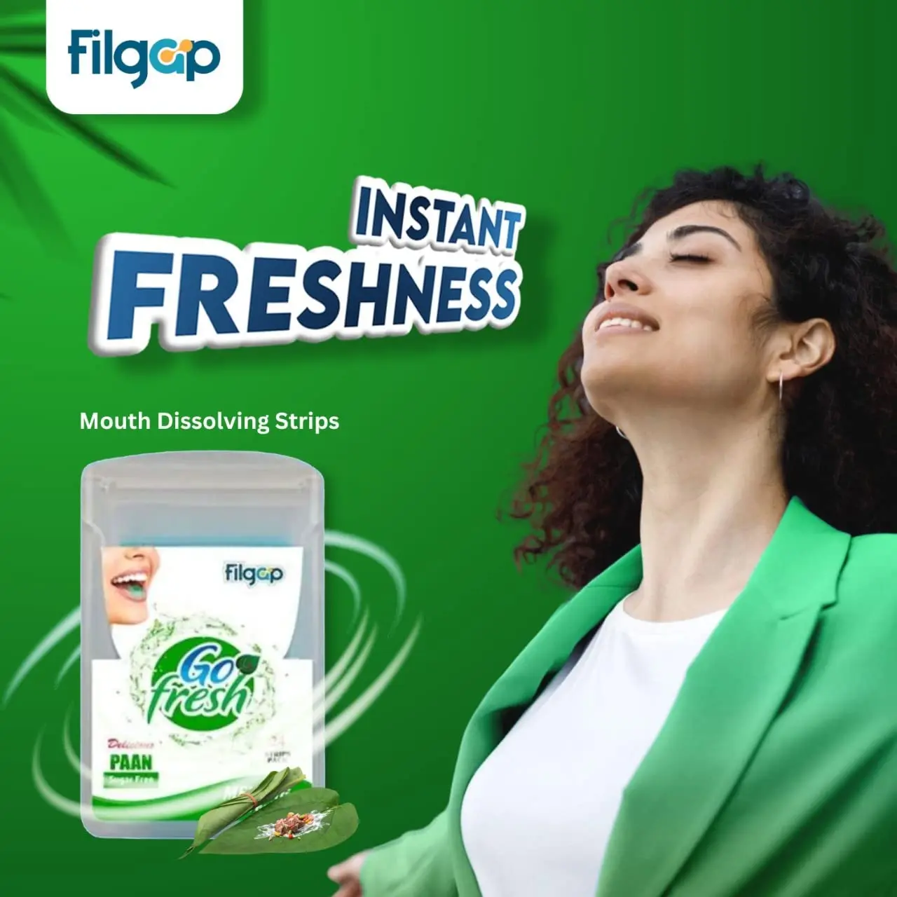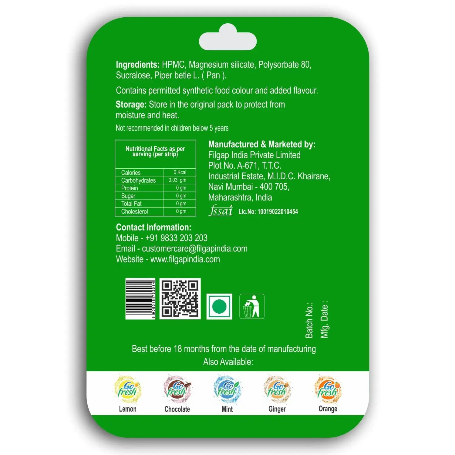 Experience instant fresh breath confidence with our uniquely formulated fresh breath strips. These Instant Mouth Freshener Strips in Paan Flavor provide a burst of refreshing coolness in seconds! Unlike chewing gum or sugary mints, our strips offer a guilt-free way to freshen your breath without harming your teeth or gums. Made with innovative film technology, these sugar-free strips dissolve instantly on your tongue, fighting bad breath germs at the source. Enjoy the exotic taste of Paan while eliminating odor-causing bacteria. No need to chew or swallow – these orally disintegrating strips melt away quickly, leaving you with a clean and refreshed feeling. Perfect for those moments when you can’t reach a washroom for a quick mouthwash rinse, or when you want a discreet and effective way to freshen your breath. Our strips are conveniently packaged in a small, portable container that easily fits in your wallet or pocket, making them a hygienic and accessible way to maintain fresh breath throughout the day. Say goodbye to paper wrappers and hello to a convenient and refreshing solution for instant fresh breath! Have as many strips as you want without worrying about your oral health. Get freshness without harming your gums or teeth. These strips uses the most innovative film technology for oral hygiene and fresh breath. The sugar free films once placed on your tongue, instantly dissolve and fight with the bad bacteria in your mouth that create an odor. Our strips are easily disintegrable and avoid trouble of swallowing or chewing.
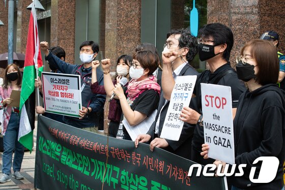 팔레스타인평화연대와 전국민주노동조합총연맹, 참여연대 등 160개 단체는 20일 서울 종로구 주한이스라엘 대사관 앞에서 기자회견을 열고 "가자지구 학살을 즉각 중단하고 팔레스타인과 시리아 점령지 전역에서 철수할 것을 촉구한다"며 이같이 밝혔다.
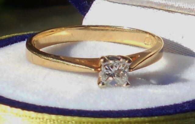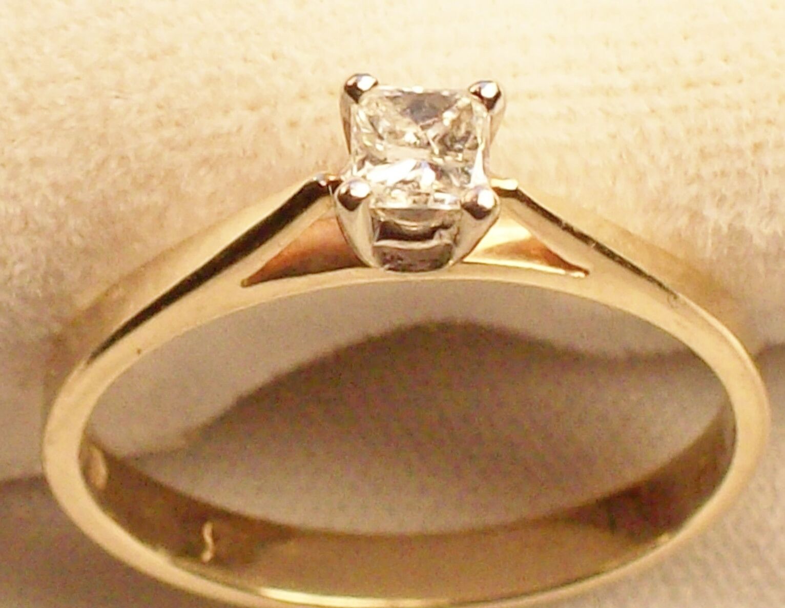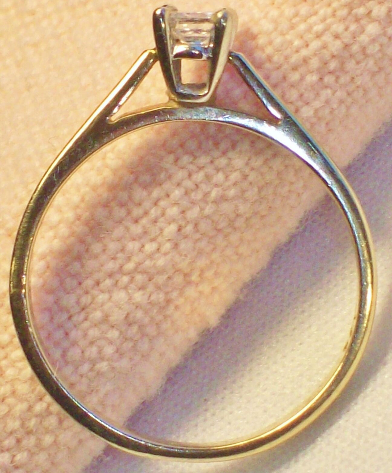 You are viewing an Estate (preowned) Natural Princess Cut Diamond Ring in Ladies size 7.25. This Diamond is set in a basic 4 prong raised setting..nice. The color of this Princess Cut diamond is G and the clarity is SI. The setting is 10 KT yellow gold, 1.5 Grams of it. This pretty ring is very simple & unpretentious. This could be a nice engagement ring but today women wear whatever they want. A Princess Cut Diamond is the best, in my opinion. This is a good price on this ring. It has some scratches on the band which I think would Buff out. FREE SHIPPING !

...

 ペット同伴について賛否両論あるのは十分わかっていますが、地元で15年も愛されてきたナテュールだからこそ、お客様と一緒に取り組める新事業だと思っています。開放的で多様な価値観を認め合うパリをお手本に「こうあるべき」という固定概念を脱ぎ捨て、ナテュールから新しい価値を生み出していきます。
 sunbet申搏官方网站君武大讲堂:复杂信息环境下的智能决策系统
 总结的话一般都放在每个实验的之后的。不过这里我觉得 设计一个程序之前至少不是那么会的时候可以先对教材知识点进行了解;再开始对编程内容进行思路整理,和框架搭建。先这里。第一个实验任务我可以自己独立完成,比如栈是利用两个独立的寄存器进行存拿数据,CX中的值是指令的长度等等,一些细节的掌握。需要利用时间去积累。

==

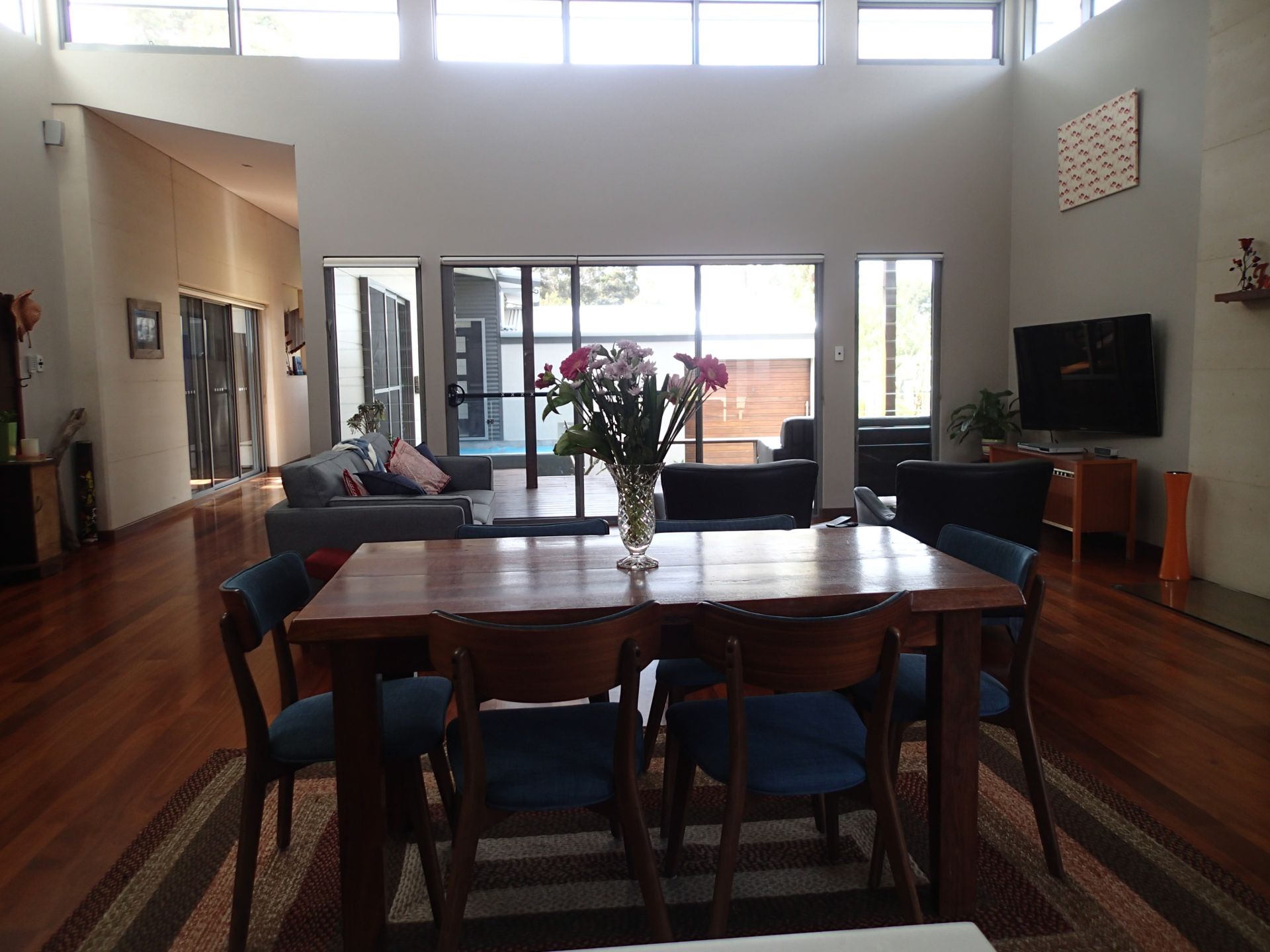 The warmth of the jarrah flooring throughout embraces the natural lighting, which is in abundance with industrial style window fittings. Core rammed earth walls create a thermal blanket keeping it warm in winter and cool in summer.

> [PROMPT] Go back to the listing above and reproduce, exactly, the stretch from the line bearing "팔레스타인평화연대와 전국민주노동조합총연맹, 참여연대" through the line bearing "You are viewing", without its pictures.

> [SOLVED EXERCISE]
 팔레스타인평화연대와 전국민주노동조합총연맹, 참여연대 등 160개 단체는 20일 서울 종로구 주한이스라엘 대사관 앞에서 기자회견을 열고 "가자지구 학살을 즉각 중단하고 팔레스타인과 시리아 점령지 전역에서 철수할 것을 촉구한다"며 이같이 밝혔다.
 You are viewing an Estate (preowned) Natural Princess Cut Diamond Ring in Ladies size 7.25. This Diamond is set in a basic 4 prong raised setting..nice. The color of this Princess Cut diamond is G and the clarity is SI. The setting is 10 KT yellow gold, 1.5 Grams of it. This pretty ring is very simple & unpretentious. This could be a nice engagement ring but today women wear whatever they want. A Princess Cut Diamond is the best, in my opinion. This is a good price on this ring. It has some scratches on the band which I think would Buff out. FREE SHIPPING !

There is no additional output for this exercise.